Intercept: Leaked NYT Gaza Memo Tells Journalists to Avoid Words “Genocide,” “Ethnic Cleansing,” and “Occupied Territory”

A New York Times staffer told the Intercept (4/15/24 ([link removed]) ) that the paper was "basically taking the occupation out of the coverage, which is the actual core of the conflict.”

New York Times editors issued a memo to staffers that warned against the use of "inflammatory language and incendiary accusations on all sides"—but the instructions offered by the memo, which was leaked to the Intercept (4/15/24 ([link removed]) ), seemed designed to dampen criticism of Israel's actions in Gaza and to reinforce the Israeli narrative of the conflict.

Among the terms the memo tells Times reporters to avoid: "Palestine" ("except in very rare cases"), "occupied territories" (say "Gaza, the West Bank, etc.") and "refugee camps" ("refer to them as neighborhoods, or areas").

These are all standard terms: "Palestine" is the name of a state recognized by the United Nations ([link removed]) and 140 of its 193 members ([link removed]) . The "occupied territories" are the way Gaza and the West Bank are referred to by the UN ([link removed]) as well as the United States ([link removed]) . "Refugee camps" are what they are called by the UN agency ([link removed]) that administers the eight camps in Gaza.

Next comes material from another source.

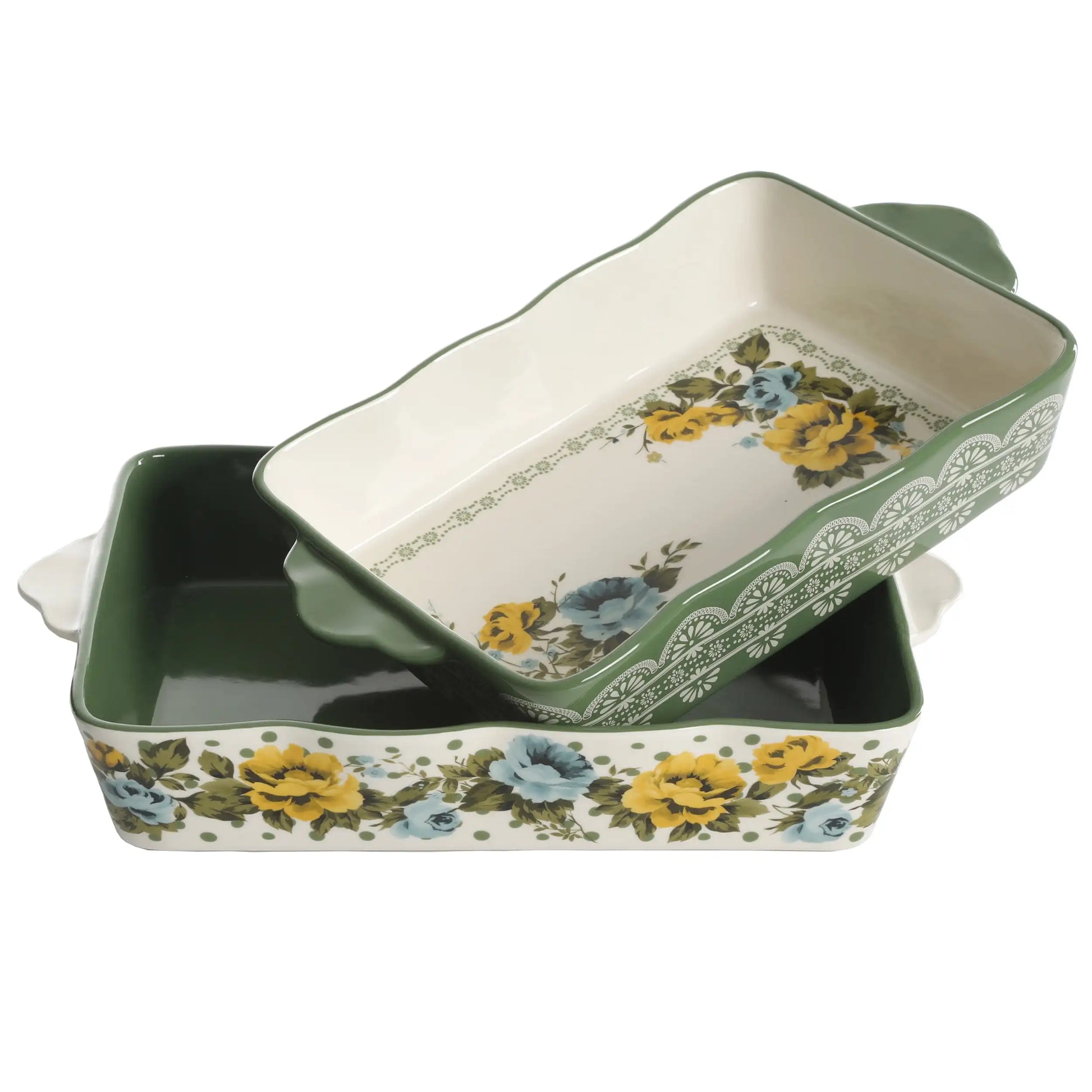 This 2-piece bakeware set makes it easy to bake and serve mouth-watering treats and delicious desserts. Practical and attractive, these bakeware are perfect for baking any delicious dessert or hearty casserole. Bright colors and floral patterns complement the classic design of these timeless bakeware, while subtle ruffles add a vintage touch to your culinary creations. Convenient built-in handles make it a breeze to take delicious dishes from the oven to the table. Made of durable stoneware, this bakeware set includes two rectangular bakeware, one measuring 12 inches and the other measuring 14 inches. Each piece in this set is oven, microwave, and dishwasher safe, making this 2-piece bakeware set not only beautiful and practical, but also a great addition to your bakeware collection.

The memo discourages the use of the terms "genocide" ("We should...set a high bar for allowing others to use it as an accusation") and "ethnic cleansing" ("another historically charged term").

Genocide is defined by the Genocide Convention ([link removed]) as certain "acts committed with intent to destroy, in whole or in part, a national, ethnical, racial or religious group, as such." These acts include "killing members of the group" and "deliberately inflicting on the group conditions of life calculated to bring about its physical destruction in whole or in part." The International Court of Justice ruled in January that it was "plausible" that Israel was in violation of the Genocide Convention (NPR, 1/26/24 ([link removed]) ). A US federal judge has likewise held that "the current treatment of the Palestinians in the Gaza Strip by the Israeli military may plausibly constitute a genocide in violation of international law” (Guardian, 2/1/24 ([link removed]) ).
Mondoweiss: Israel announces its Gaza endgame: Ethnic cleansing as ‘humanitarianism’

“Our problem is not allowing the exit, but a lack of countries that are ready to take Palestinians in," Netanyahu told a Likud ally (Mondoweiss, 12/28/23 ([link removed]) ) "And we are working on it." At the New York Times, you aren't supposed to call this "ethnic cleansing."

"Ethnic cleansing" does not have a legal definition, but surely the Israeli military campaign that has displaced 85% ([link removed]) of Gaza's population, while Israeli Prime Minister Benjamin Netanyahu promises he is "working on" the "voluntary emigration" of that population (Mondoweiss, 12/28/23 ([link removed]) ), qualifies under any reasonable standard.

In contrast to its take on "genocide" and "ethnic cleansing," the memo contends that “it is accurate to use ‘terrorism’ and ‘terrorist’ in describing the attacks of October 7"; the words "fighters" or "militants," however, are discouraged for participants in those attacks. This is the opposite of the approach taken by outlets like AP (X, formerly Twitter, 1/7/21 ([link removed]) ) and the BBC (10/11/23 ([link removed]) ); John Simpson, world affairs editor for the latter, calls "terrorism" a "loaded word, which people use about an outfit they disapprove of morally."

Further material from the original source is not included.